## About this task
A faithful copy is required: retype the records from their first line through the line with "Visit Proof |", and omit the pictures.

## Records to process
════════════════════

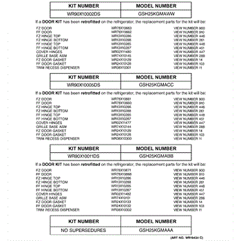 Parts for Ge GSH25KGMACC: 03 - Replacement Parts List Parts
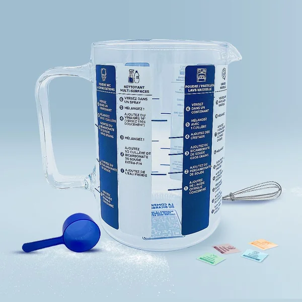 Le produit multifonctions par excellence. Bien plus qu’un simple verre doseur, il vous indique comment préparer 8 recettes d’entretien express et faciles pour toute la maison :
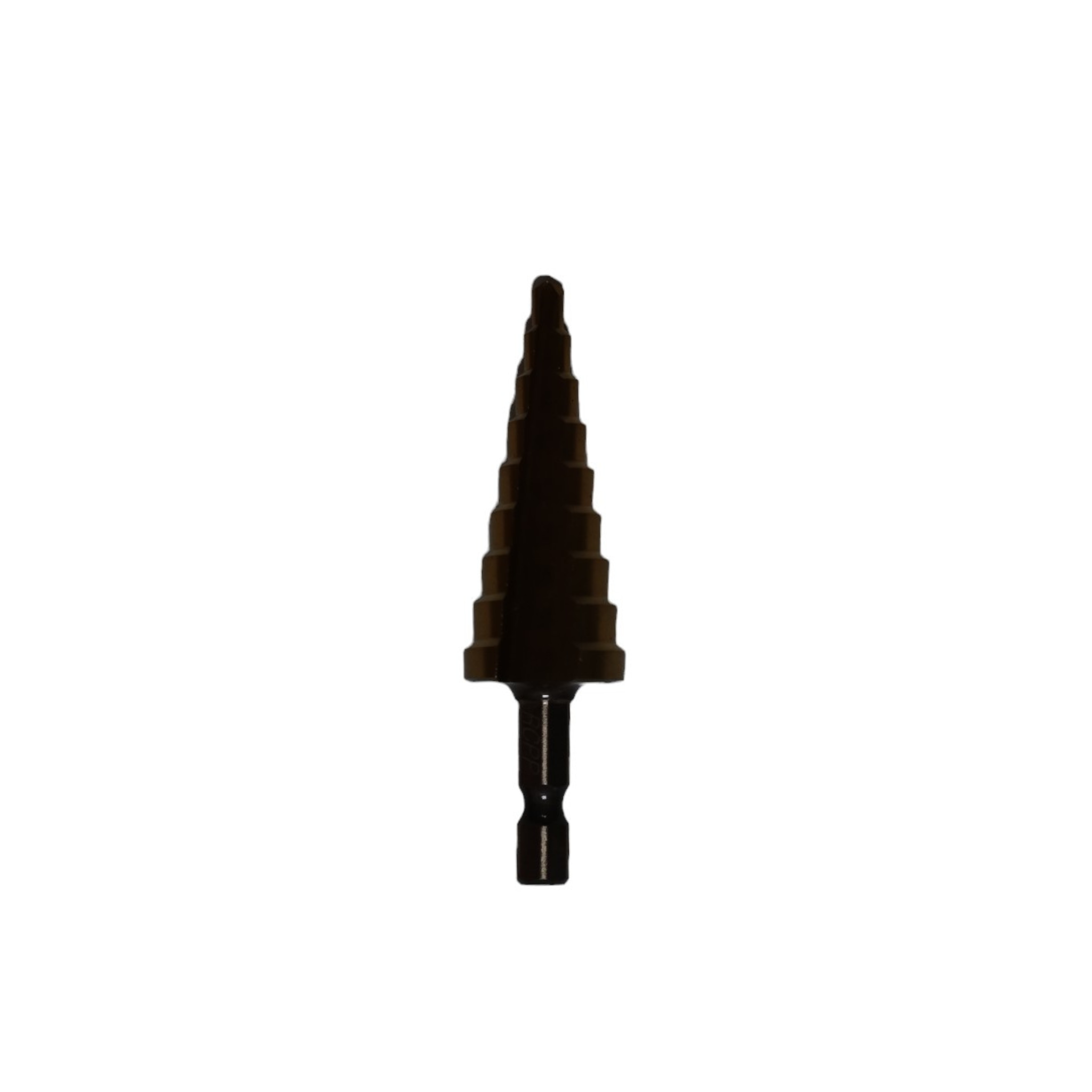 Mèche étagée en acier HSS avec revêtement titane pour perçage net et progressif dans métal, bois, PVC, aluminium. 13 diamètres de 5 à 35 mm.
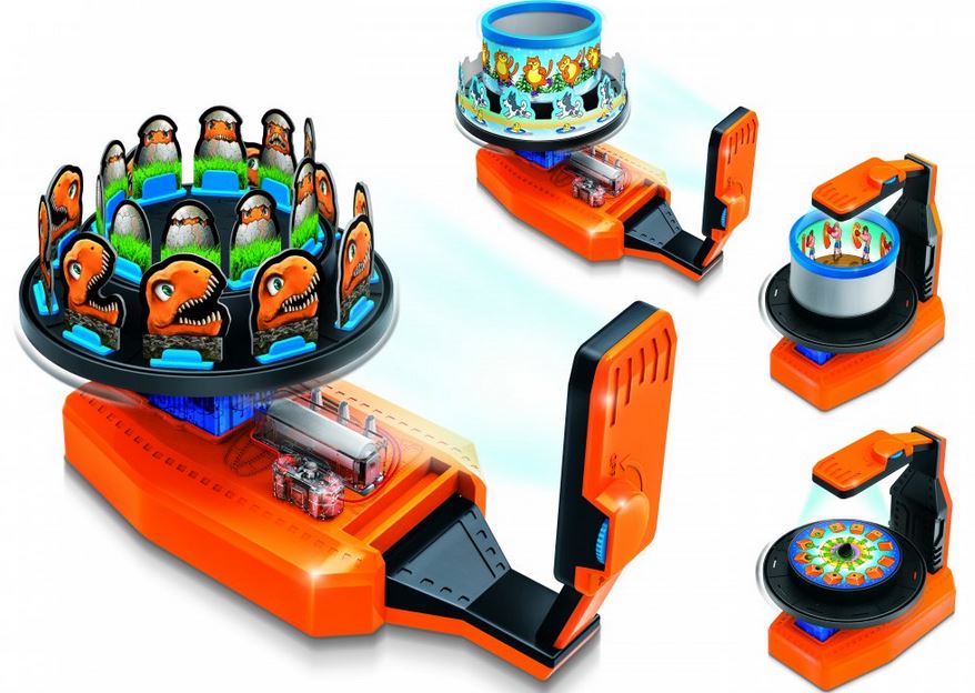 This toy has 6 modes for you to take advantage of, including Inner/Outer Cylinder Zoetrope, Die Cut Zoetrope, and Phenakistoscope modes. Costs under $35 at this time.
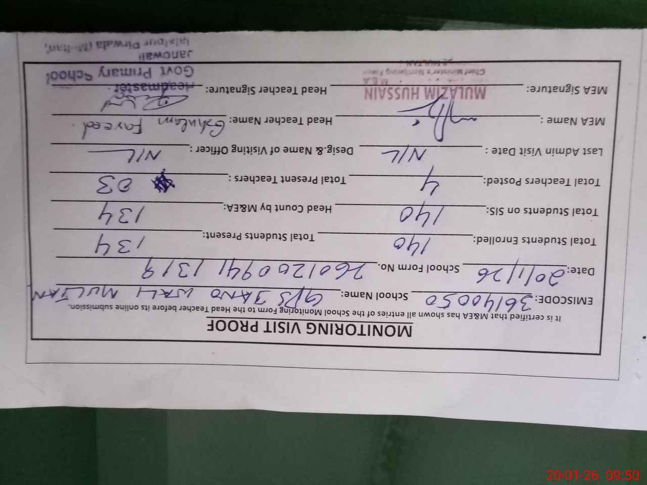 | Attendance Register | Head Teacher | MEA with School | Visit Proof |
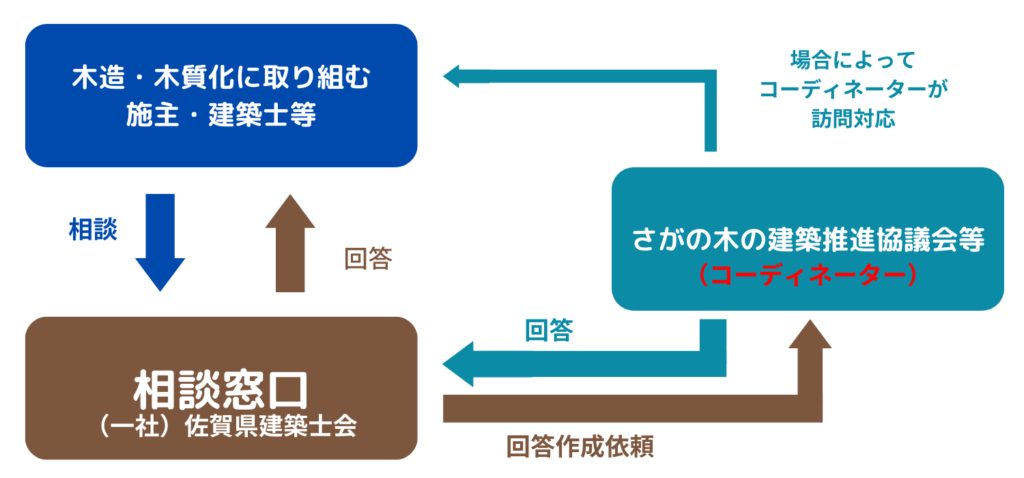また,窓口だけで解決できない相談に対しては,木造建築の設計や施工などの専門的な知識や経験を持つコーディネーターが訪問して相談対応を行います。

════════════════════

## Output for this task
 Parts for Ge GSH25KGMACC: 03 - Replacement Parts List Parts
 Le produit multifonctions par excellence. Bien plus qu’un simple verre doseur, il vous indique comment préparer 8 recettes d’entretien express et faciles pour toute la maison :
 Mèche étagée en acier HSS avec revêtement titane pour perçage net et progressif dans métal, bois, PVC, aluminium. 13 diamètres de 5 à 35 mm.
 This toy has 6 modes for you to take advantage of, including Inner/Outer Cylinder Zoetrope, Die Cut Zoetrope, and Phenakistoscope modes. Costs under $35 at this time.
 | Attendance Register | Head Teacher | MEA with School | Visit Proof |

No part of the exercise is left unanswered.